When in Doubt, Step it Up

Understanding if T/5x or Tzero MKIII is the Right Subwoofer for You

At the end of last year, around the holidays, we noticed a large increase in folks buying our smallest model, the Tzero MKIII, then returning it in exchange for the next model up, our T/5x. We wondered why? What happened? We didn’t have this issue last holiday season. Was it something we said? Did?

We went back and read over every line we ever wrote about the Tzero MKIII. REL’s never been the company that over-hypes our product, you know, the type that always seem to find a way to suggest that if you just spent a little bit more, audio nirvana was just around the corner. C’mon, just another $500, ok maybe $1,000. It’s just not how we’re wired. We’re the guys that strive to provide remarkable base at every level of our line.

Then, just last week we were reviewing YouTube videos that had a few nice accolades for the new Tzero MKIII and a few nice print reviews. Going through these, many of the reviewers were surprised-in some cases shocked-that the Tzero MKIII was a “real” REL.  Sure it has our special High Level Input (yes, we use precisely the same filter used in our next step up, our T/x range). But surely, we cut all sorts of corners. Nope. Not when it comes to performance we didn’t. 

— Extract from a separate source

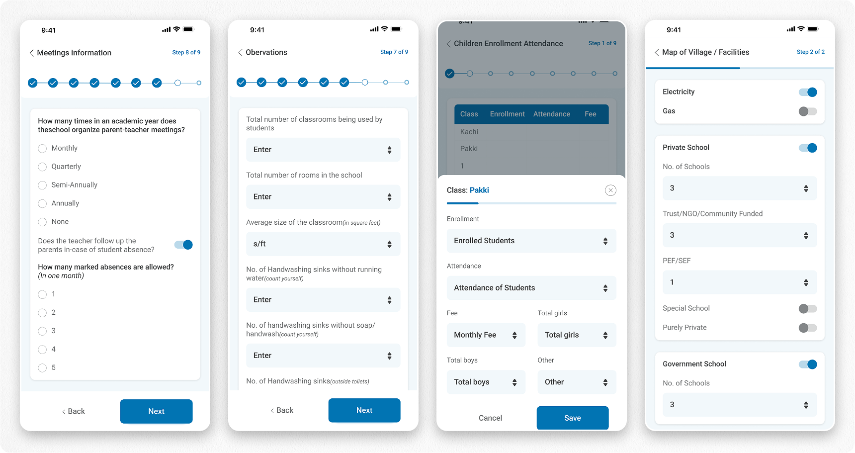 Developed through iterative research and testing, the app addresses on-ground challenges while ensuring data quality and operational efficiency. It empowers survey teams with the tools needed to collect meaningful educational insights.

What we saved about 15% on was eliminating all the circuitry, power supplies and connections for our optional Arrow Wireless, available on Serie Tx, as wireless is not available in our Tzero MKIII. And the driver cost less because, well, all things being equal a 6 ½” (170mm) driver costs less than a higher powered, larger 8” driver. As does the Class D amplifier; at 100 watts continuous, fitted with our typical, well-made power supply and multiple output devices it’s no slouch. But it’s also nowhere nearly as expensive to build as the high current 125 watt Class A/B used in our T/5x. The power transformer in our T/5x alone accounts for almost 10% of the build cost of a Tzero MKIII.

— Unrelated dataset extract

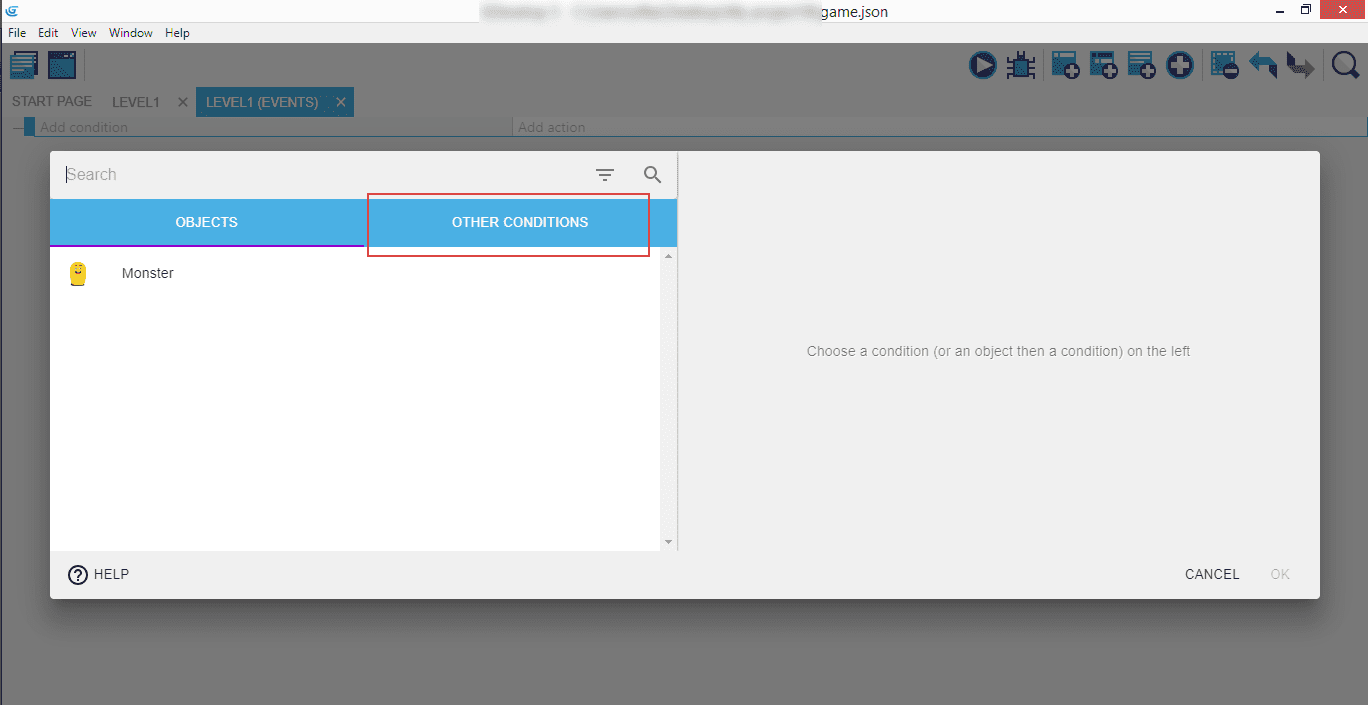 In the popup, you will notice there's our Monster on the list of objects, but we're not interested in him right now. Click on the "Other conditions" tab to expand the list of options.

Then in reading over the enthusiasm in reviews of the Tzero, it became clear that reviewers were just super excited to have something both affordable and excellent. That was it, that was the big secret we were trying to analyze. Under $500 and it does for affordable systems what costlier RELs do for Big Daddy systems. Don’t blame the reviewers. You see, reviewers get “yelled at” and criticized because they aren’t reviewing enough affordable stuff (if more companies built truly excellent affordable stuff, more reviewers would review it, just sayin’). They get a Tzero MKIII in, get genuinely excited about the littlest REL and gush a bit, ok sometimes a lot, and those new to the hobby run right out and buy one. For their 4,000 square foot home. 

Trouble is, they didn’t pick up on some of the qualifying language used in the review. A reviewer writes a line like “In the right-sized room and with the right partnering speakers, this little gem can make you think you’ve arrived, and with style” and a beginner thinks, ‘Hey, that’s me he’s writing for’. Who doesn’t want to feel as though they’ve arrived, when the reality is dinner was (again) Ritz crackers and peanut butter?

In our two most recent Tzero MKIII YouTube reviews, I made a point of asking the reviewers to explain that open floorplan homes like the ones we have so many of here in the States are verboten for the Tzero MKIII. Let’s review, we designed the Tzero MKIII for apartments, flats and smaller homes, examples in the millions of which exist in every major city in the world. These homes and spaces typically have a square footage of less than, usually much less than, 1200 sq. feet (120 square meters). But that isn’t the real limitation, used in a living room  of say 18’ x 20’ you would likely have little problem unless you insist on listening to heavy metal at realistic concert volumes. Unless, and it’s a big unless, that room connects to your dining room, which is connected to your kitchen with just a counter between them. You see the issue we face? We build a little dynamo that delivers the hell out of a 10” cube and beginners think it can power all 1200 square feet of an open floor plan home.

Let’s recap; the Tzero MKIII is a wonderful little gem of a subwoofer, designed for either smaller homes, flats or apartments and the speakers that make sense for those spaces. Or a defined, closed space in a much larger home. Here’s the difference. We live in a 3,000+ square foot home and used a T/5x cheerfully for over a year with a pair of older Sonus fabers. Looked and sounded amazing and even outside of our open floorplan 16 x 20’ television viewing room, the T/5x had the moxie to carry great sounding deep bass throughout most of the main floor of our home. The Tzero MKIII simply wasn’t designed to energize such a space, so we never tried. When in doubt, go with the T/5x.